----- Source material

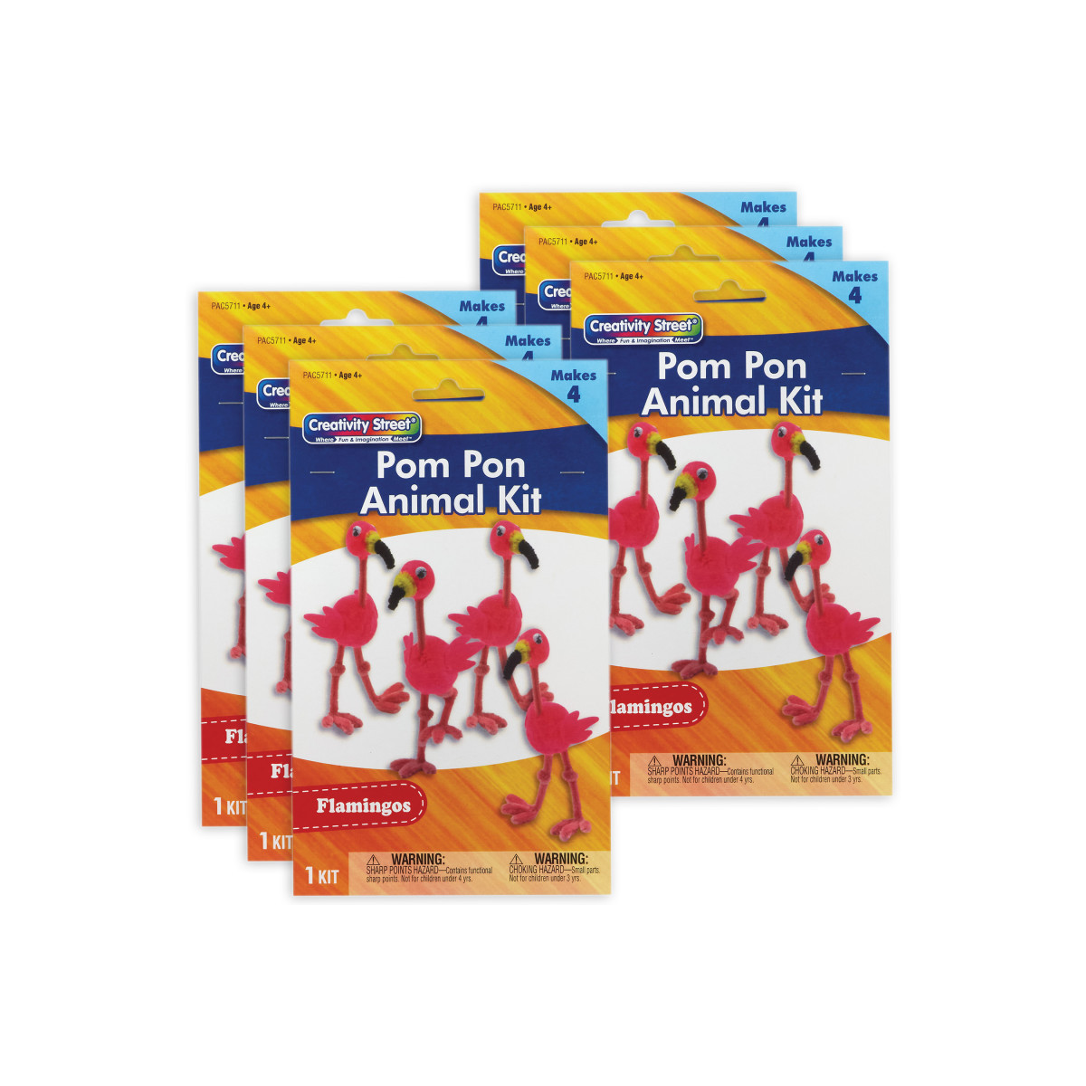 Take a break from screen time with fun and easy Creativity Street® Pom Pon Animal Kits! This all-in-one solution is the perfect DIY project for kids! Each convenient kit includes everything you need to create four adorable Flamingos: pre-cut felt shapes, wiggle eyes, chenille stems and pom pons. All you need is glue and scissors, and you can create your own little flamingo flock! Estimated dimensions are 2"W x 2.75"L x 5.25"H. Please note, finished product dimensions will vary based on individual assembly. Makes 4 flamingos per kit. Sold as 6 kits, 24 flamingos total.
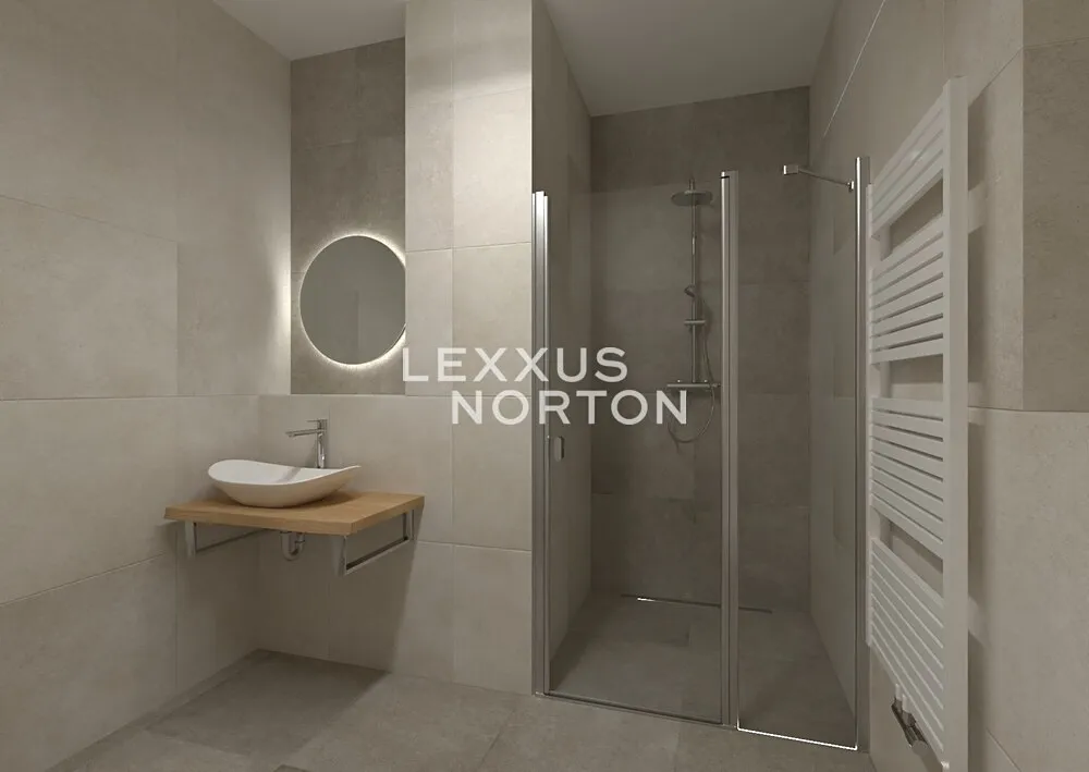 Dispozici doplňuje samostatná koupelna s vanou, oddělená toaleta a praktická komora umístěná u vstupu do bytu. Obě ložnice i obývací pokoj těží z příjemného denního světla díky oknům směřujícím do ulice, zatímco část bytu orientovaná směrem do vnitrobloku poskytuje klid a soukromí. Součástí bytu je také balkón o velikosti 5,58 m², přístupný z ložnice.
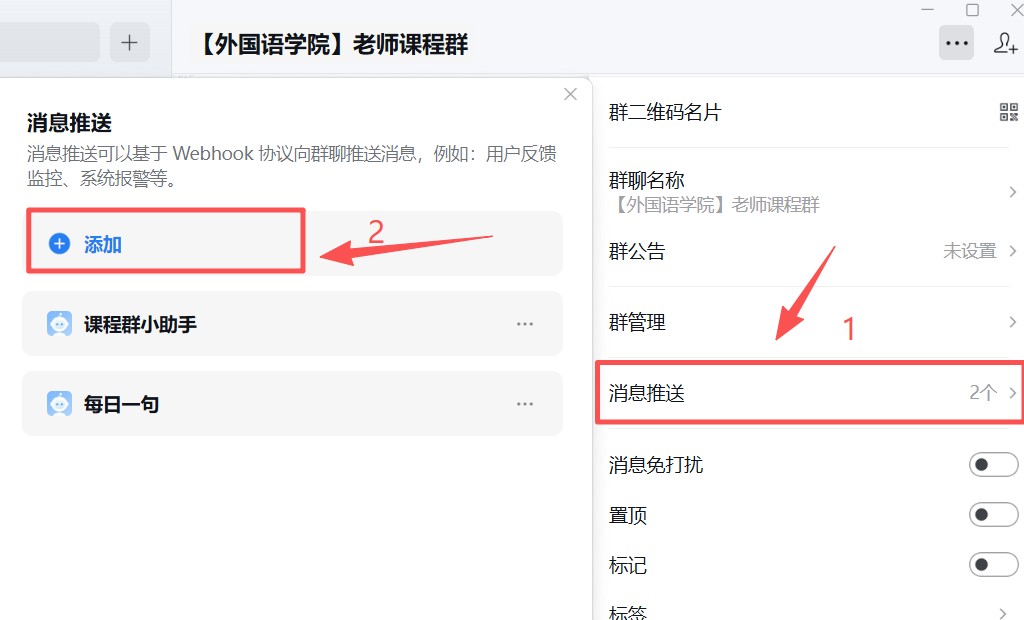 用电脑打开企业微信群,点击右上角的三个点,选择【消息推送】,再点击【添加】可以添加微信机器人。
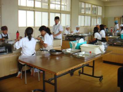 野菜を切ったり、フライパンでいためたり、楽しく実習することができました。
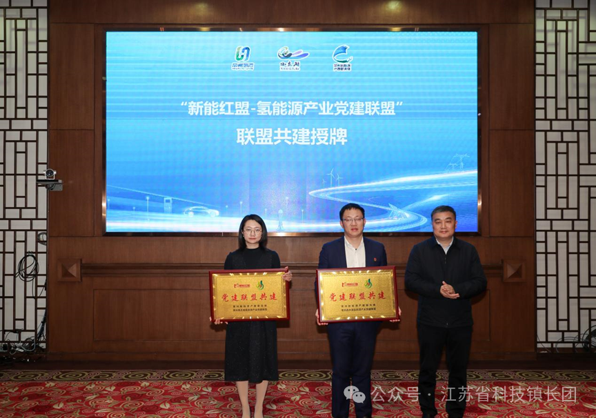 活动现场,席海涛为“新能红盟-西太湖氢能源产业党建联盟”结对共建授牌,常州西太湖氢能源产业党建联盟党组织负责人陈丹蕾和常州工业职业技术学院机械与交通学院党总支书记陈晓敏代表双方党建联盟领取牌匾。双方将以党建为引领,用党建链串起教育链、人才链、创新链、产业链,在机制建设、资源整合、沟通交流、人才引育、合作共赢等关键环节形成合力,赋能常州“新能源之都”建设。
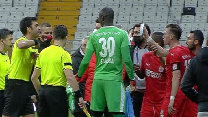 Μόλις ο διαιτητής σφύριξε για τελευταία φορά στο πρώτο 45λεπτο, ο αρχηγός της Σιβασπόρ, Χακάν Αρσλάν έσπευσε προς το μέρος του και κρατώντας ένα κινητό τηλέφωνο, του έδειξε σε βίντεο το λάθος που είχε κάνει κατακυρώνοντας το γκολ που σημείωσε στο 18ο λεπτό ο Γιαλκίν για λογαριασμό των γηπεδούχων.
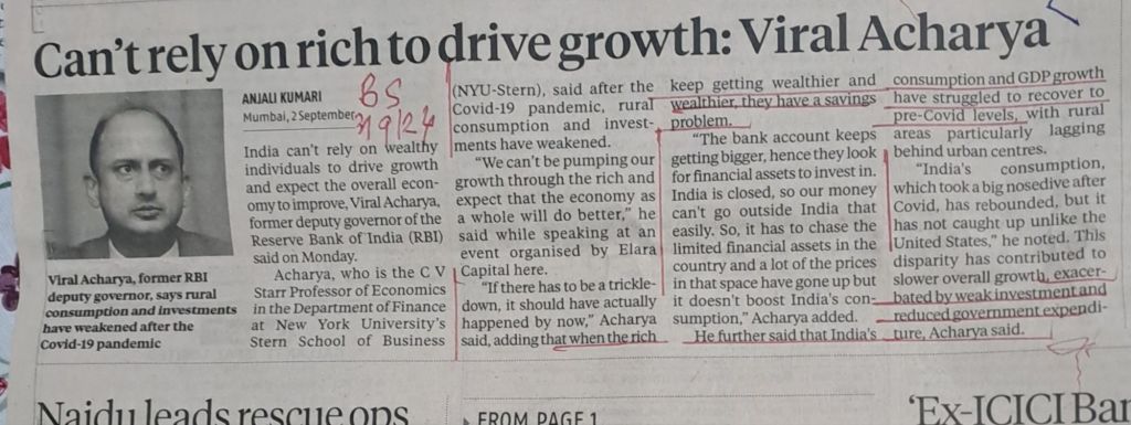 Ex RBI DG Mr. Acharya says it is rural consumption and investments –which suffered during covid –that need to increase to propel growth– Courtesy Business Standard
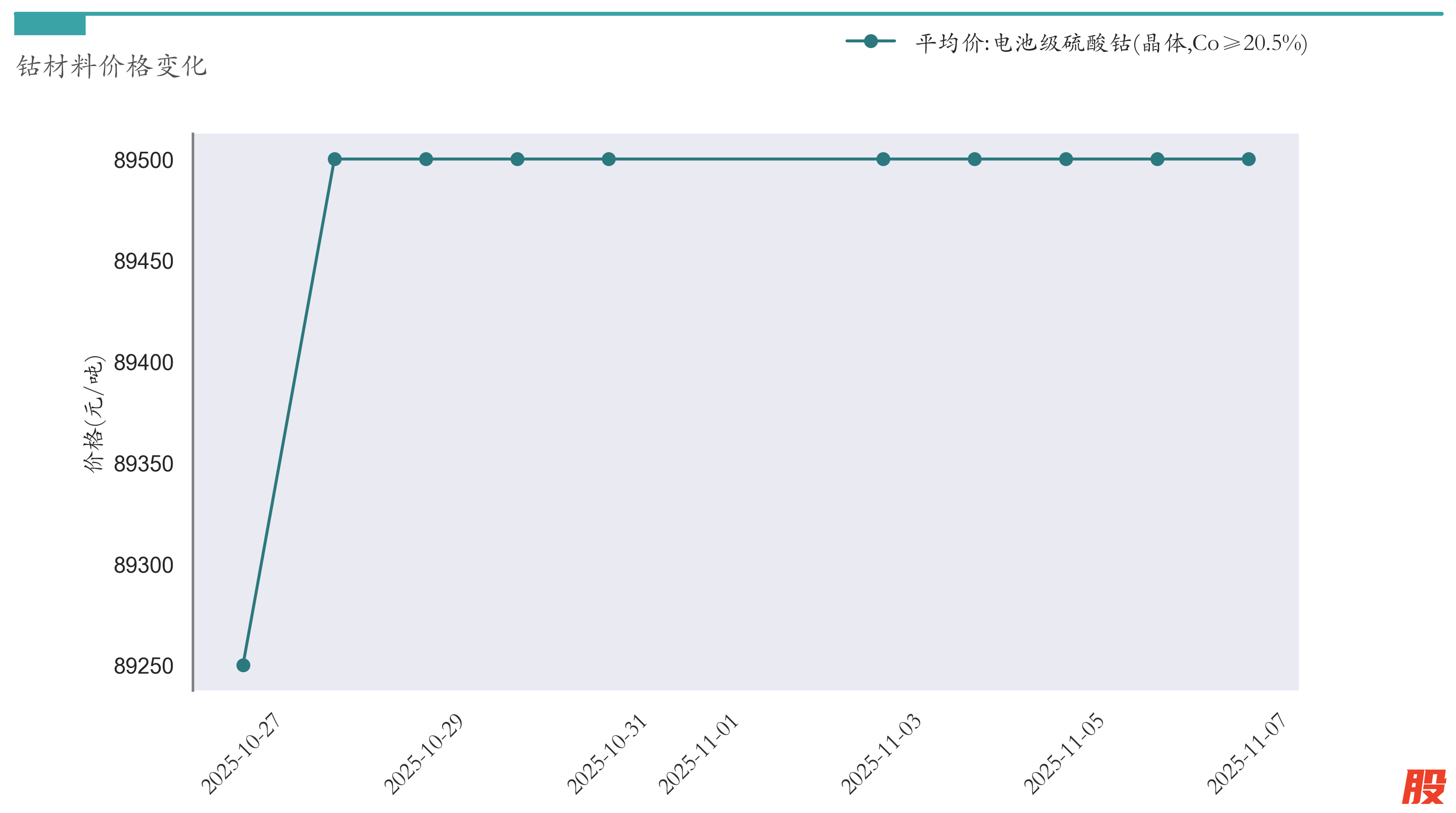 截至11月7日,电池级硫酸钴平均报价为89500元/吨,较10月31日持平。近两周钴材料价格变化如下图所示:

----------

> _Task_:
Word for word, output the lines from the line bearing "Dispozici doplňuje samostatná" through the end of the records above, and only those, without the pictures.

> _Reply_:
 Dispozici doplňuje samostatná koupelna s vanou, oddělená toaleta a praktická komora umístěná u vstupu do bytu. Obě ložnice i obývací pokoj těží z příjemného denního světla díky oknům směřujícím do ulice, zatímco část bytu orientovaná směrem do vnitrobloku poskytuje klid a soukromí. Součástí bytu je také balkón o velikosti 5,58 m², přístupný z ložnice.
 用电脑打开企业微信群,点击右上角的三个点,选择【消息推送】,再点击【添加】可以添加微信机器人。
 野菜を切ったり、フライパンでいためたり、楽しく実習することができました。
 活动现场,席海涛为“新能红盟-西太湖氢能源产业党建联盟”结对共建授牌,常州西太湖氢能源产业党建联盟党组织负责人陈丹蕾和常州工业职业技术学院机械与交通学院党总支书记陈晓敏代表双方党建联盟领取牌匾。双方将以党建为引领,用党建链串起教育链、人才链、创新链、产业链,在机制建设、资源整合、沟通交流、人才引育、合作共赢等关键环节形成合力,赋能常州“新能源之都”建设。
 Μόλις ο διαιτητής σφύριξε για τελευταία φορά στο πρώτο 45λεπτο, ο αρχηγός της Σιβασπόρ, Χακάν Αρσλάν έσπευσε προς το μέρος του και κρατώντας ένα κινητό τηλέφωνο, του έδειξε σε βίντεο το λάθος που είχε κάνει κατακυρώνοντας το γκολ που σημείωσε στο 18ο λεπτό ο Γιαλκίν για λογαριασμό των γηπεδούχων.
 Ex RBI DG Mr. Acharya says it is rural consumption and investments –which suffered during covid –that need to increase to propel growth– Courtesy Business Standard
 截至11月7日,电池级硫酸钴平均报价为89500元/吨,较10月31日持平。近两周钴材料价格变化如下图所示:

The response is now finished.